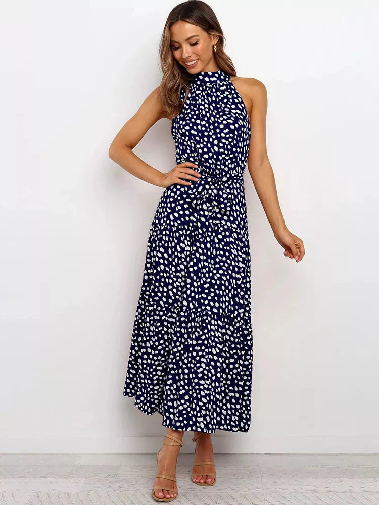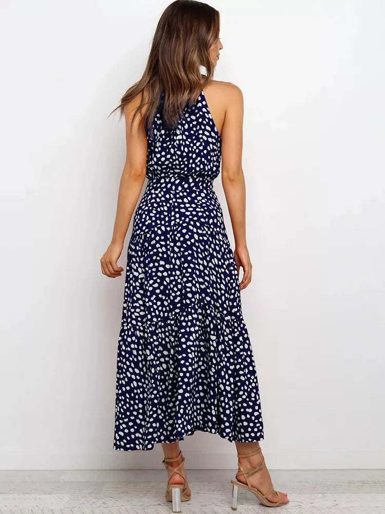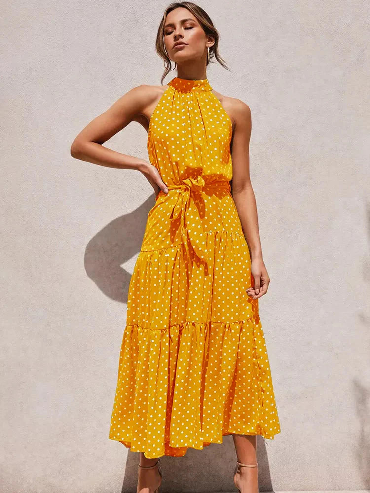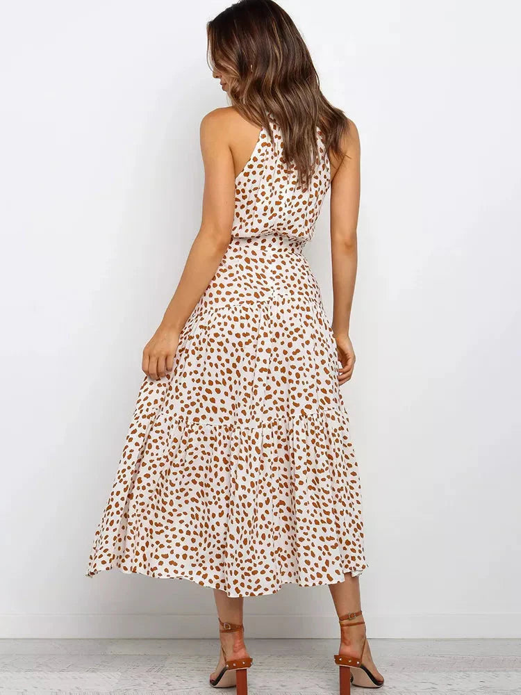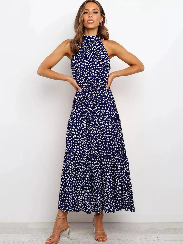 O corte longo e fluido garante conforto, enquanto a estampa de poá adiciona um toque vintage e elegante. A gola alta eleva o estilo da peça, tornando-a perfeita para ocasiões formais, eventos de verão ou jantares especiais.
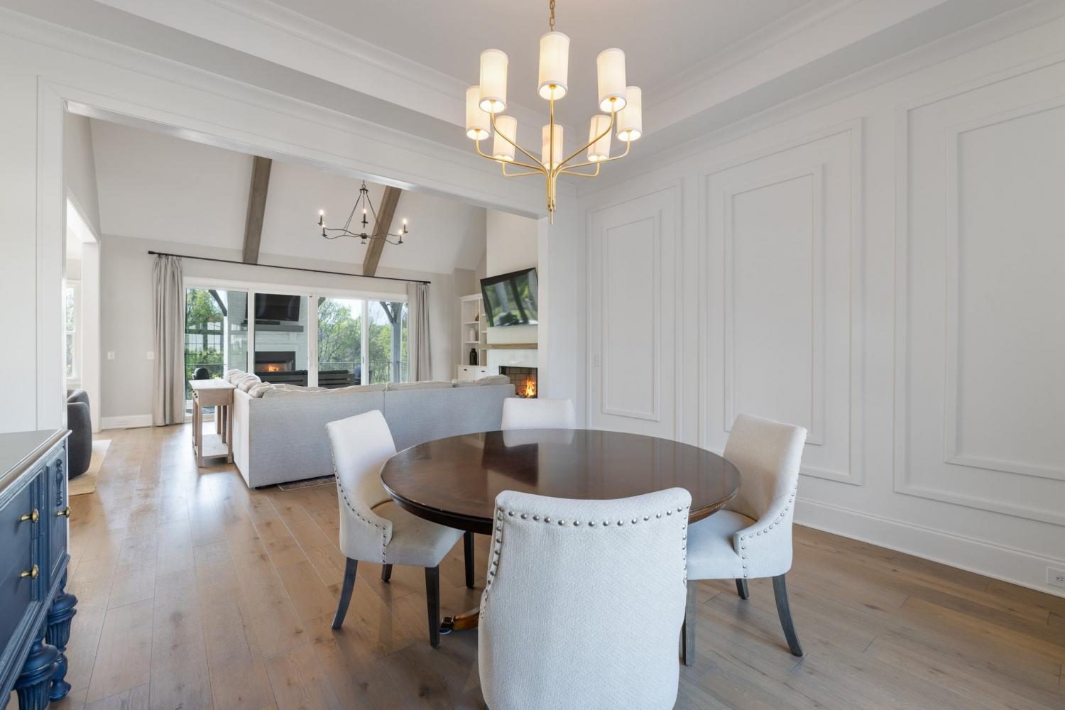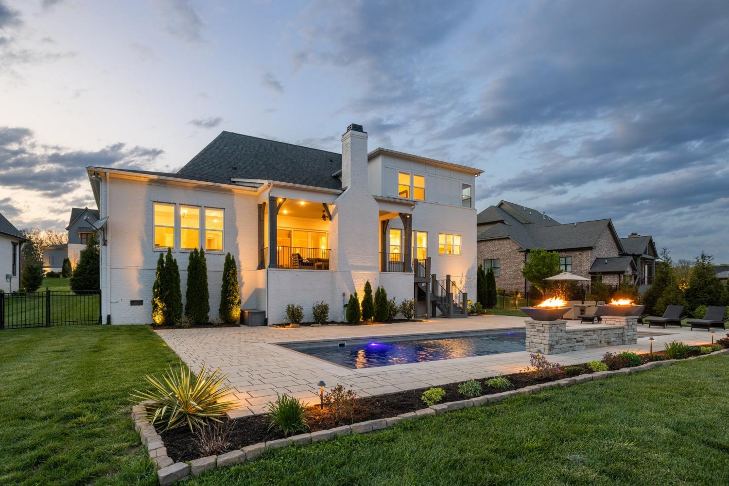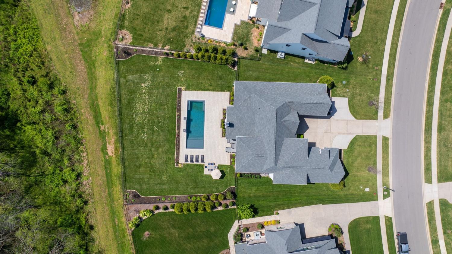 This stunning residence blends luxury, functionality, and thoughtful design across every inch. Located in a desirable community, the home boasts incredible attention to detail—from custom ceiling treatments and exposed wood beams to expansive living spaces and resort-style outdoor amenities. The main level features both a primary suite and guest suite, along with a private study adorned with a coffered ceiling and French doors. Gorgeous hardwood floors run throughout the main living areas, while the formal dining room shines with natural light and elegant wainscoting. The chef’s kitchen is a true centerpiece, offering a large center island with seating, ceiling-height cabinetry, top-of-the-line stainless steel appliances, and ample prep space. Just off the kitchen, a wet bar with beverage center provides the perfect setup for entertaining. The living room features a vaulted ceiling with exposed wood beams, custom built-in bookcases, and a gas fireplace, with glass sliding doors opening to a covered rear porch—complete with a fireplace and views of the in-ground pool and lush green space. The primary suite is a luxurious retreat, showcasing a tray ceiling with shiplap accents, private porch access, dual vanities, a freestanding soaking tub, and a floor-to-ceiling walk-in shower with rainhead and bench seating. Upstairs offers incredible flexibility with a spacious bonus room and a media room pre-wired for surround sound, ideal for movie nights or casual entertaining. The outdoor living space is unmatched, featuring a sparkling pool with sun shelf, fire features, and a generous patio area for lounging. The fenced-in backyard adds privacy, and the 3-car garage with stately courtyard entry completes the package. With its mix of elegance, comfort, and entertainment-ready spaces, this home is truly one-of-a-kind.
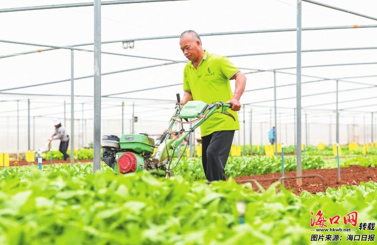 作为海口重要的“菜篮子”保供基地,苍东村近年来在政府与农户的共同努力下,已建成连片的简易大棚设施。这些大棚与田间农膜共同构成一道防护体系,有效减少天气对作物生长的影响,保障本地蔬菜的稳定供应。图为农户在操作犁地机犁地。
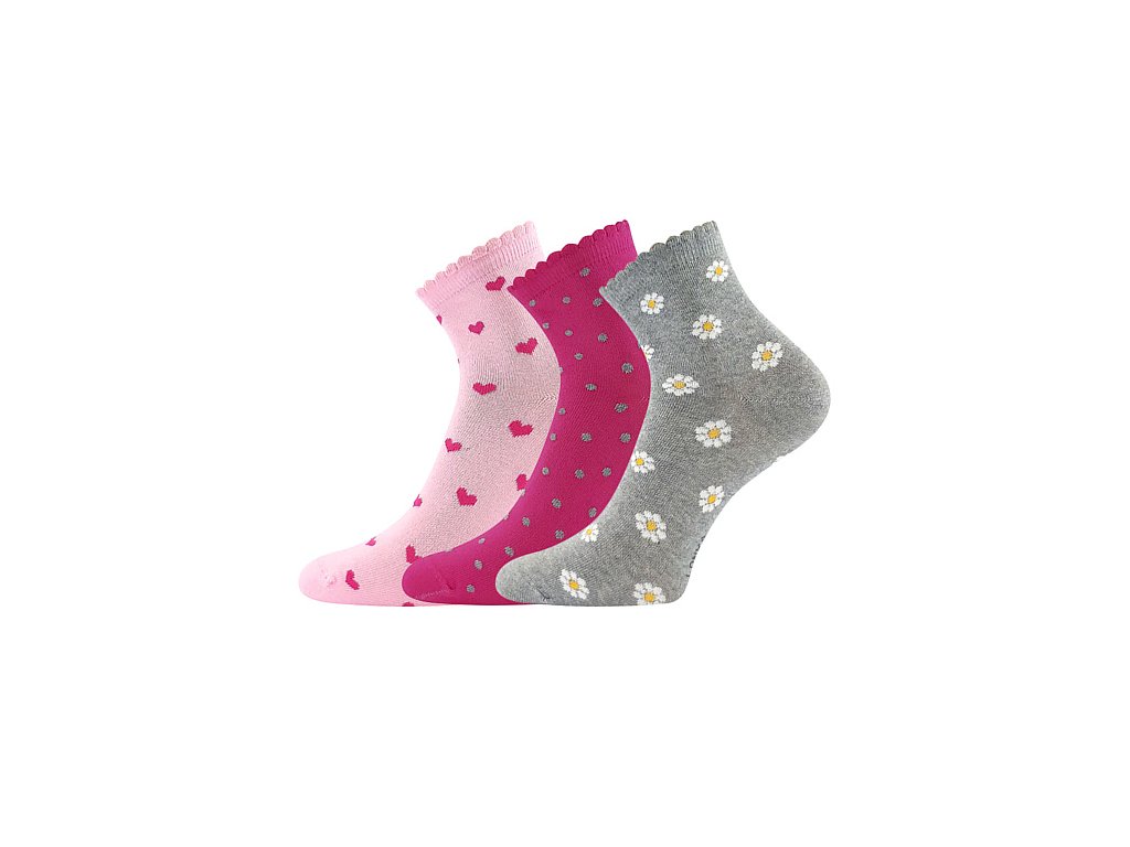 Dětské slabé ponožky Lonka® EMA jsou holčičí ponožky s jemnými motivy. Potěšte vaše malé i větší slečny a pořiďte jim tyto elegantní ponožky. Ponožky jsou v kratší výšce ke kotníku a mají ozdobný lem. Vzorované dětské ponožky mají navíc špičku spojenou plochým řetízkovým švem, který nikde netlačí. Vhodné na celodenní nošení. Veselé ponožky prodáváme v mixu.

★ ★ ★

__Task description__
When repeating the material above, keep every line exact and drop all pictures.

__Output for this task__
 O corte longo e fluido garante conforto, enquanto a estampa de poá adiciona um toque vintage e elegante. A gola alta eleva o estilo da peça, tornando-a perfeita para ocasiões formais, eventos de verão ou jantares especiais.
 This stunning residence blends luxury, functionality, and thoughtful design across every inch. Located in a desirable community, the home boasts incredible attention to detail—from custom ceiling treatments and exposed wood beams to expansive living spaces and resort-style outdoor amenities. The main level features both a primary suite and guest suite, along with a private study adorned with a coffered ceiling and French doors. Gorgeous hardwood floors run throughout the main living areas, while the formal dining room shines with natural light and elegant wainscoting. The chef’s kitchen is a true centerpiece, offering a large center island with seating, ceiling-height cabinetry, top-of-the-line stainless steel appliances, and ample prep space. Just off the kitchen, a wet bar with beverage center provides the perfect setup for entertaining. The living room features a vaulted ceiling with exposed wood beams, custom built-in bookcases, and a gas fireplace, with glass sliding doors opening to a covered rear porch—complete with a fireplace and views of the in-ground pool and lush green space. The primary suite is a luxurious retreat, showcasing a tray ceiling with shiplap accents, private porch access, dual vanities, a freestanding soaking tub, and a floor-to-ceiling walk-in shower with rainhead and bench seating. Upstairs offers incredible flexibility with a spacious bonus room and a media room pre-wired for surround sound, ideal for movie nights or casual entertaining. The outdoor living space is unmatched, featuring a sparkling pool with sun shelf, fire features, and a generous patio area for lounging. The fenced-in backyard adds privacy, and the 3-car garage with stately courtyard entry completes the package. With its mix of elegance, comfort, and entertainment-ready spaces, this home is truly one-of-a-kind.
 作为海口重要的“菜篮子”保供基地,苍东村近年来在政府与农户的共同努力下,已建成连片的简易大棚设施。这些大棚与田间农膜共同构成一道防护体系,有效减少天气对作物生长的影响,保障本地蔬菜的稳定供应。图为农户在操作犁地机犁地。
 Dětské slabé ponožky Lonka® EMA jsou holčičí ponožky s jemnými motivy. Potěšte vaše malé i větší slečny a pořiďte jim tyto elegantní ponožky. Ponožky jsou v kratší výšce ke kotníku a mají ozdobný lem. Vzorované dětské ponožky mají navíc špičku spojenou plochým řetízkovým švem, který nikde netlačí. Vhodné na celodenní nošení. Veselé ponožky prodáváme v mixu.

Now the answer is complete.